Each line of the data below from the one holding "Bí thư Tỉnh uỷ Nguyễn" to the one holding "Os torcedores não", inclusive, is to be reproduced exactly; no other line belongs in the answer.

_TASK MATERIAL_
BEGIN

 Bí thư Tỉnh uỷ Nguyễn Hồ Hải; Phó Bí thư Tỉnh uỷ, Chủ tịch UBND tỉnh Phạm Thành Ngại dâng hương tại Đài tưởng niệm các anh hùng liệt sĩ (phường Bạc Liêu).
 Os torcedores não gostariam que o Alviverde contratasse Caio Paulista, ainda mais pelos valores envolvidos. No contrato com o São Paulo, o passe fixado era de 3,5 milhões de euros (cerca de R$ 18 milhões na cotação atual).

END
BEGIN

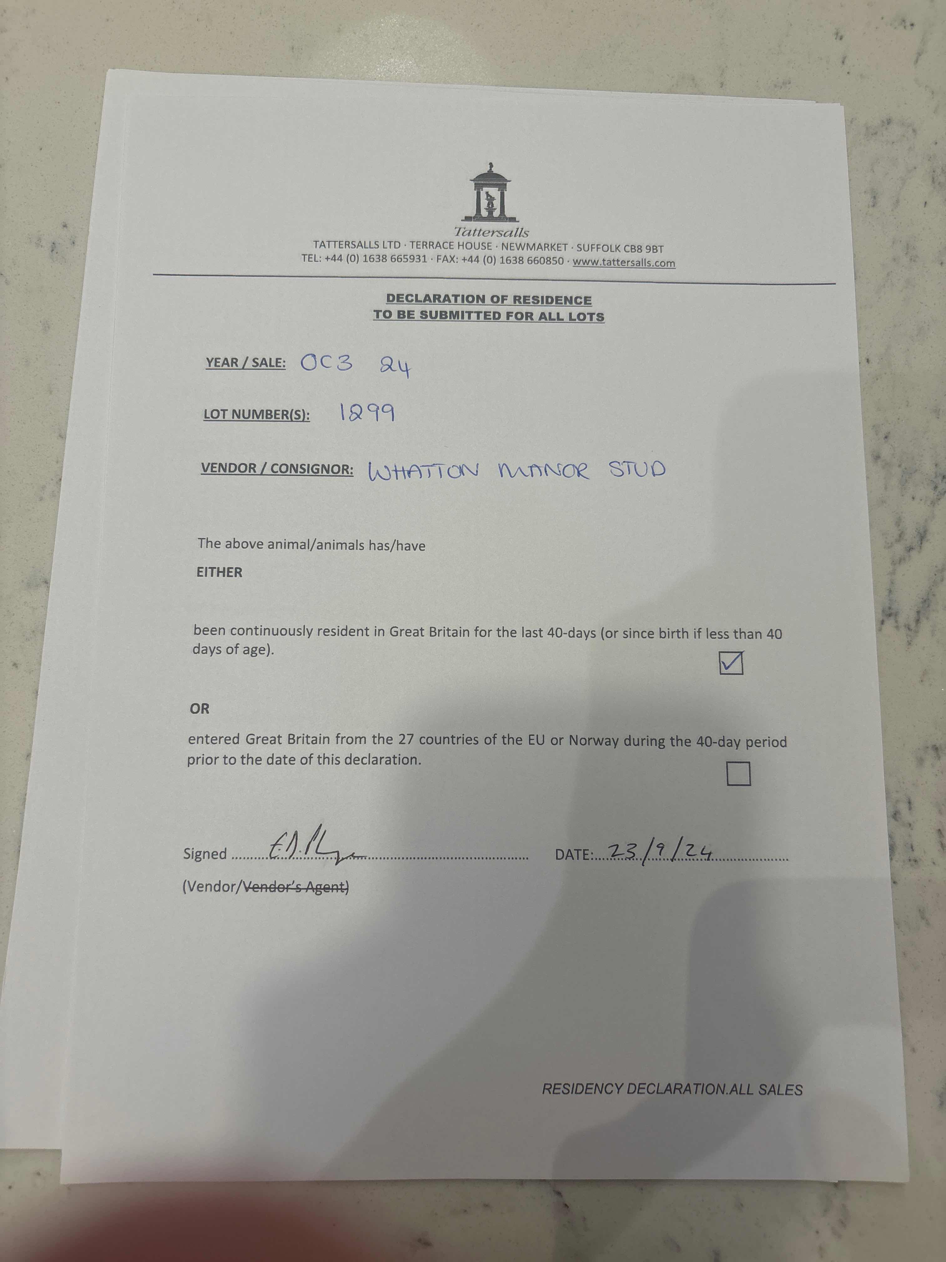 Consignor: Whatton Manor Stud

END
BEGIN

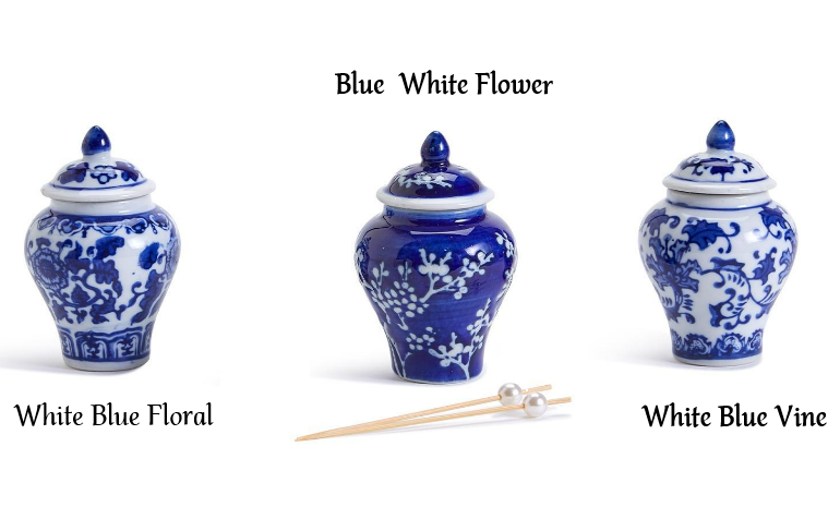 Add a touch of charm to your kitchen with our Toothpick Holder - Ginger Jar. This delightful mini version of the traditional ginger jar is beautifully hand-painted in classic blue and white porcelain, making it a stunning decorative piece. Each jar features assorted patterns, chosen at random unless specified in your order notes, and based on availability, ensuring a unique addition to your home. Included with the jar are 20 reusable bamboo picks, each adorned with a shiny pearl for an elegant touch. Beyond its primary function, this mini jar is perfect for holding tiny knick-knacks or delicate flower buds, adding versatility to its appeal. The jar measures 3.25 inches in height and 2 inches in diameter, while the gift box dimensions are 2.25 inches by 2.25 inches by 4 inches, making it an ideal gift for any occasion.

END

_ANSWER FOR THIS EXERCISE_
 Bí thư Tỉnh uỷ Nguyễn Hồ Hải; Phó Bí thư Tỉnh uỷ, Chủ tịch UBND tỉnh Phạm Thành Ngại dâng hương tại Đài tưởng niệm các anh hùng liệt sĩ (phường Bạc Liêu).
 Os torcedores não gostariam que o Alviverde contratasse Caio Paulista, ainda mais pelos valores envolvidos. No contrato com o São Paulo, o passe fixado era de 3,5 milhões de euros (cerca de R$ 18 milhões na cotação atual).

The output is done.